Спасибо, сестра, я уже не тот едок, ем по часам, – старые друзья рассмеялись.
– Рада была тебя видеть, – ещё одна из редких улыбок осветила лицо Сураи. – Следи за своим здоровьем и передавай привет супруге, буду вас ждать, заходите, всегда вам рада.
Вернувшись за стол, Виктор Степанович, сокрушаясь в очередной раз, вздохнул.
– Она так и не простила его, сколько лет прошло, а она всё с обидой ходит, ни слова об Арифе не произнесла. А ведь именно твой покойный дед, как рассказывал мне Ариф, уговорил его остаться служить в зенитной батарее. Я уже говорил, что Ариф прислушивался к Имрану. Кто мог знать, что Арифа отправят служить на крышу собственного дома. Кто мог предположить, что в военкомате кто-то пропустит тот факт, что Ариф на Кубинке был только прописан и давно уже не проживал. Думаю, и Имран тогда посчитал – это удача, ведь его семья будет под присмотром друга.
– Разве вас всех не вместе призвали? – воспользовавшись паузой, с волнением спросил Аслан.

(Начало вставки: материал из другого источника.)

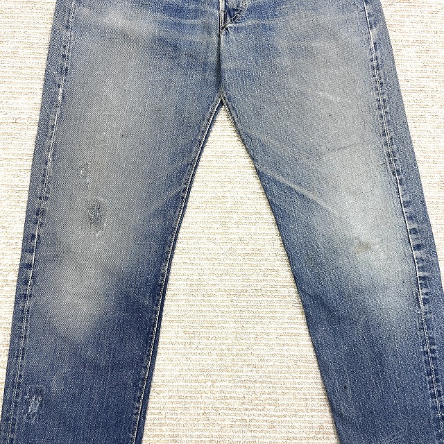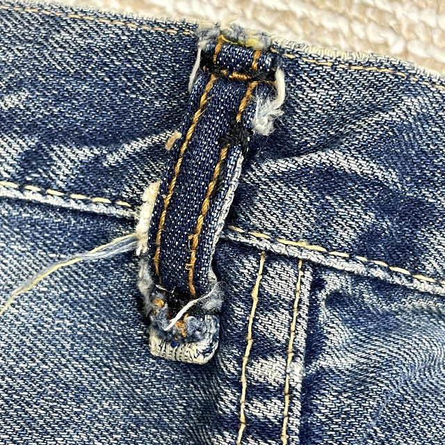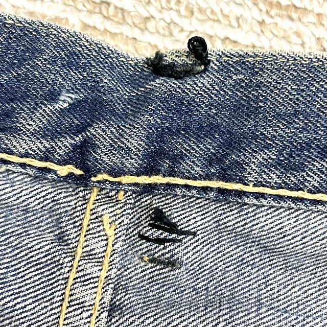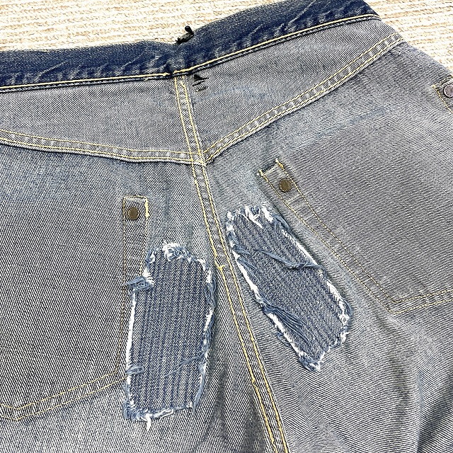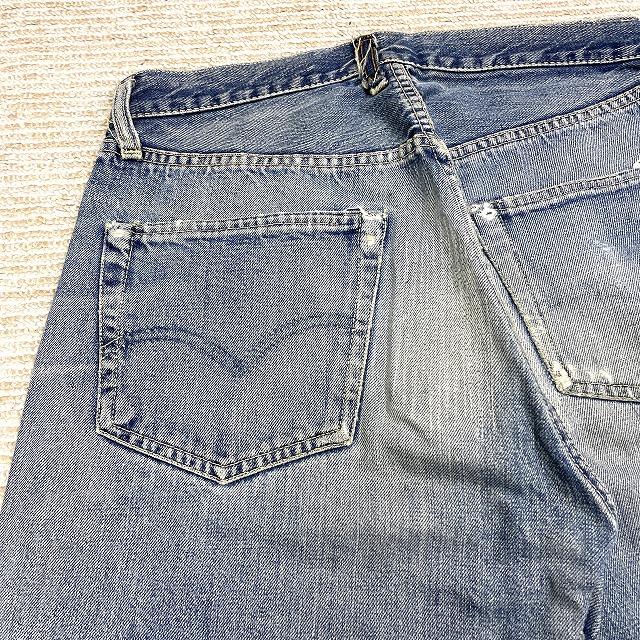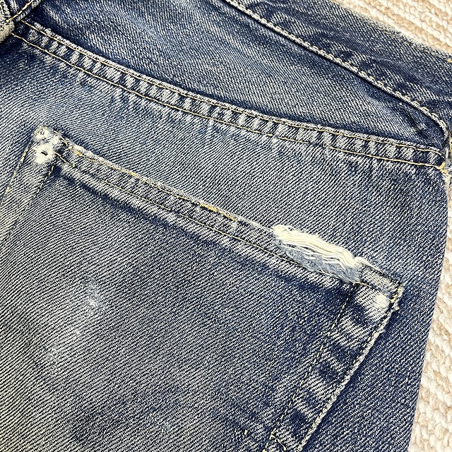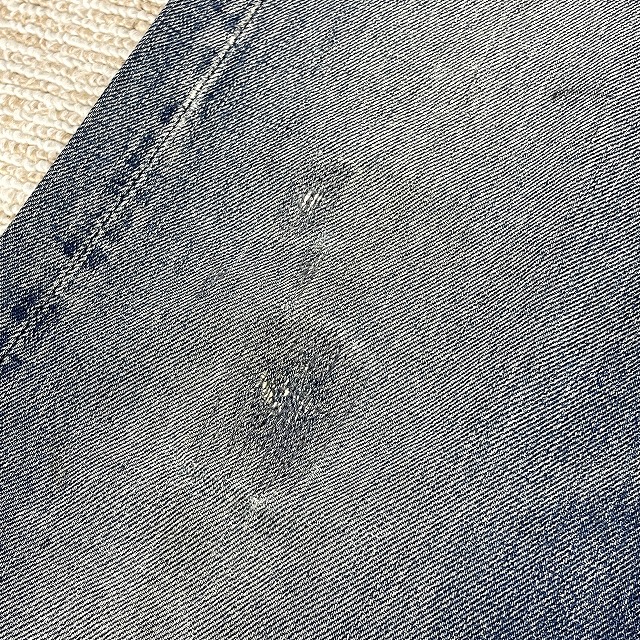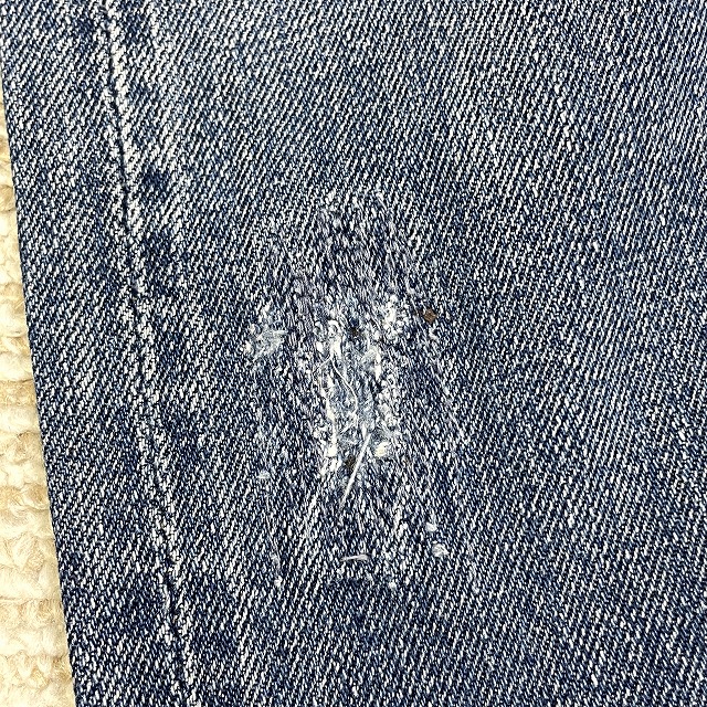 前右腿付近と右裾上、ヒップにリペアがあり、後中央のベルトループが交換されており手縫いで簡易的に縫われております。

– Вот в этом-то вся загвоздка, что меня призвали осенью сорок первого, а ребят – в начале сорок второго. Помню, как они меня провожали, Ариф обнял меня и заплакал. Имран тогда ещё на него накричал, сказал, что он слабак и ревёт, как девчонка. Эх, Имран, Имран, напрасно он тогда так обидел его. И посему, сынок, я не мог быть свидетелем того разговора. Думаю, если тогда я был бы рядом с ребятами, твоя бабушка думала об Арифе иначе.
В комнату вошла группа мужчин – сотрудники Ахмеда по работе. Мулла оживился и бодро затянул соответствующую суру из Корана.
Как только мулла завершил прочтение Священного Писания, Аслан, воспользовавшись моментом, незаметно вышел из комнаты.
В этом доме нужно было подняться на один лестничный пролёт выше, чтобы оказаться на открытой крыше.
Аслан открыл дверь и вышел на свежий воздух.
На крыше было как всегда: огромное небо, шум большого города и запах моря, до которого рукой подать. Но что-то на крыше уже было не так, что-то изменилось. Год назад Аслан уехал в Москву, обнадёженный тем, что Ариф всё так же будет сидеть на крыше и ждать его возвращения. Пустота подло обжила это место.
Крыша дома состояла из недостроенного пятого этажа. Возведенные, готовые для следующего этажа овальные колонны из бетона, скрепленные между собой арками и заполненные балюстрадами, представляли некое строение, напоминающее солярий.
Дом в центре Баку был построен в виде развернутой книги, обращенной покатым углом в сторону моря. Любой, кто имел возможность стоять на крыше этого дома, без сомнения, ощущал себя словно на корме корабля, рассекающего морские волны.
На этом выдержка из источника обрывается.